Data excerpts
-=-=-=-=-

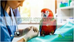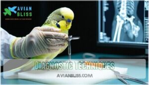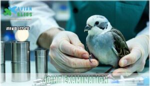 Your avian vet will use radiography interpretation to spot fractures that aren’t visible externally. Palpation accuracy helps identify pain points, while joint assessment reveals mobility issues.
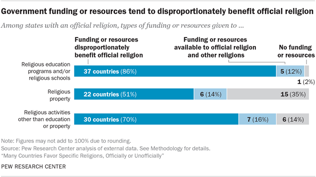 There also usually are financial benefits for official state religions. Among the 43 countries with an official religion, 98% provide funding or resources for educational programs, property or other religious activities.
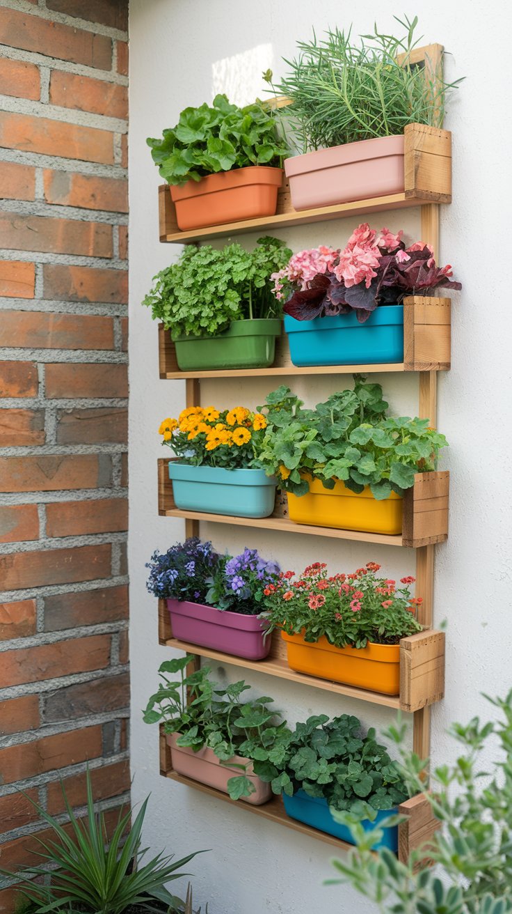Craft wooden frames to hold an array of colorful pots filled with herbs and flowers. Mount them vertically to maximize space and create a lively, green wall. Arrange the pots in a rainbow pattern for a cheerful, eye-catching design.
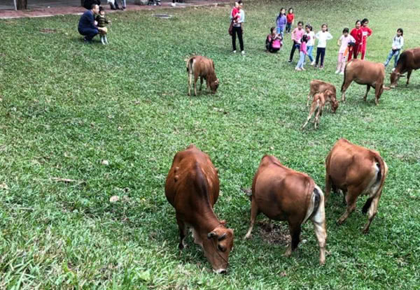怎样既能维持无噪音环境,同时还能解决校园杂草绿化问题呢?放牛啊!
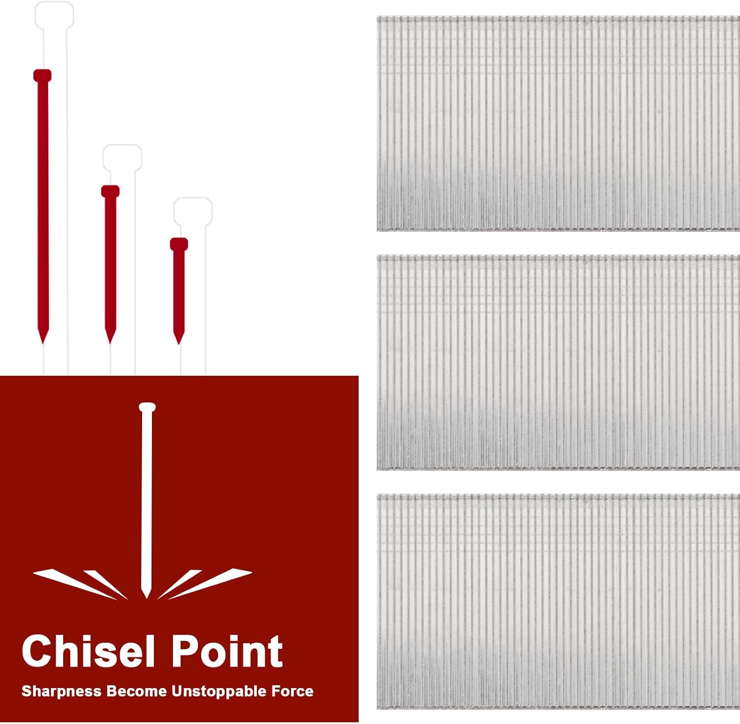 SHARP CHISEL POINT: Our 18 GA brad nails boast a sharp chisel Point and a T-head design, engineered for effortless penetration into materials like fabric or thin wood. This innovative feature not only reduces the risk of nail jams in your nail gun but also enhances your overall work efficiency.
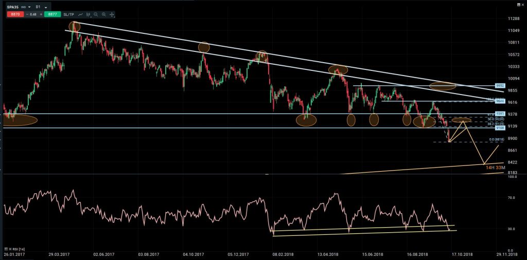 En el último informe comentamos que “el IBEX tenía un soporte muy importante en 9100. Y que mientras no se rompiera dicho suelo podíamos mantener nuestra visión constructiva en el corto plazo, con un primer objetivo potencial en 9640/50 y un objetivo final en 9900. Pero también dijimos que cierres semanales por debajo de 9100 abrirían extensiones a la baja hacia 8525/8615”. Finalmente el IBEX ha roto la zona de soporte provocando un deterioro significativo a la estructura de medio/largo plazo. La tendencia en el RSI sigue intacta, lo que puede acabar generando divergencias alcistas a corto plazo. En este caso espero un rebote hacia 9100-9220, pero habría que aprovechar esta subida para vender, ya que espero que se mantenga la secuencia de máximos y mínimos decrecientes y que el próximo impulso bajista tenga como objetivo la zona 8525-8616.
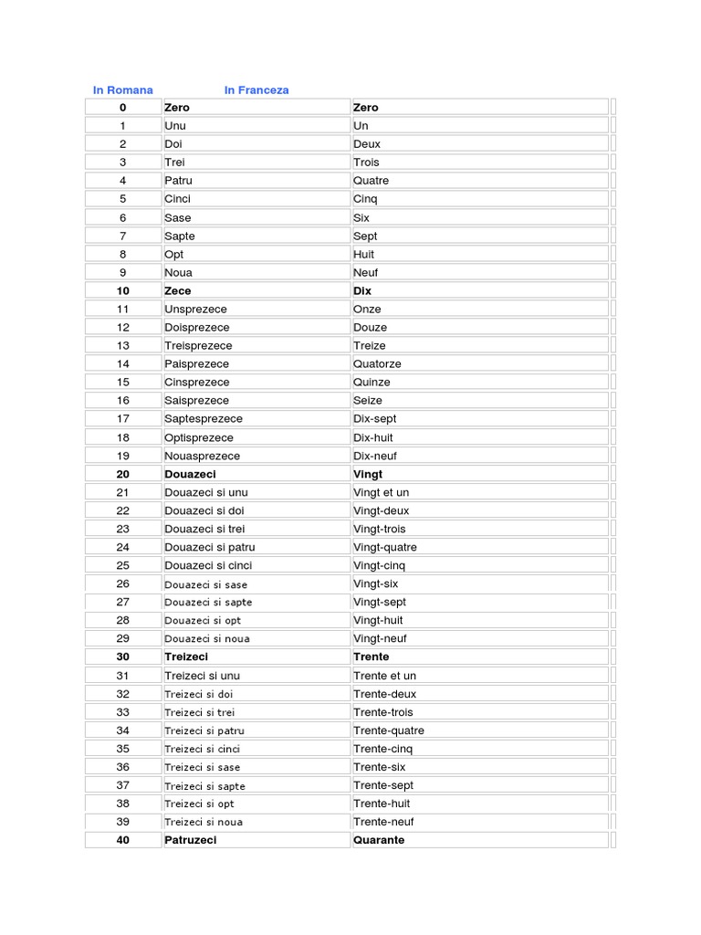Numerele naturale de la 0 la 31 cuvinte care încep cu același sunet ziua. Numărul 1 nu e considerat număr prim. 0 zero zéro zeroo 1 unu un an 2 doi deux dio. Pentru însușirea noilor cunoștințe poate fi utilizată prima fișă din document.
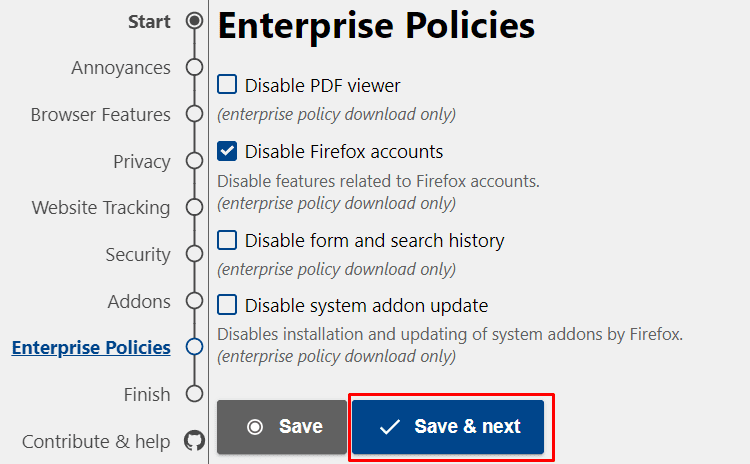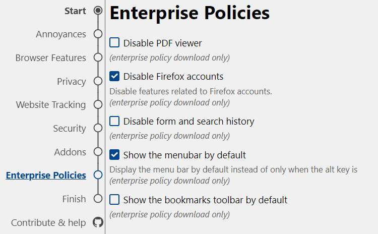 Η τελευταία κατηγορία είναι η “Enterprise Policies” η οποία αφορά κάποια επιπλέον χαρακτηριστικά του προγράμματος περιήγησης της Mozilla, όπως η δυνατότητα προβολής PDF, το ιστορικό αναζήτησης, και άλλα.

-=-=-=-=-

Keep to the lines above from the line with "There also usually" to the line with "怎样既能维持无噪音环境,同时还能解决校园杂草绿化问题呢?放牛啊!", and set down exactly those, inclusive, with nothing else and every picture left out.

 There also usually are financial benefits for official state religions. Among the 43 countries with an official religion, 98% provide funding or resources for educational programs, property or other religious activities.
Craft wooden frames to hold an array of colorful pots filled with herbs and flowers. Mount them vertically to maximize space and create a lively, green wall. Arrange the pots in a rainbow pattern for a cheerful, eye-catching design.
怎样既能维持无噪音环境,同时还能解决校园杂草绿化问题呢?放牛啊!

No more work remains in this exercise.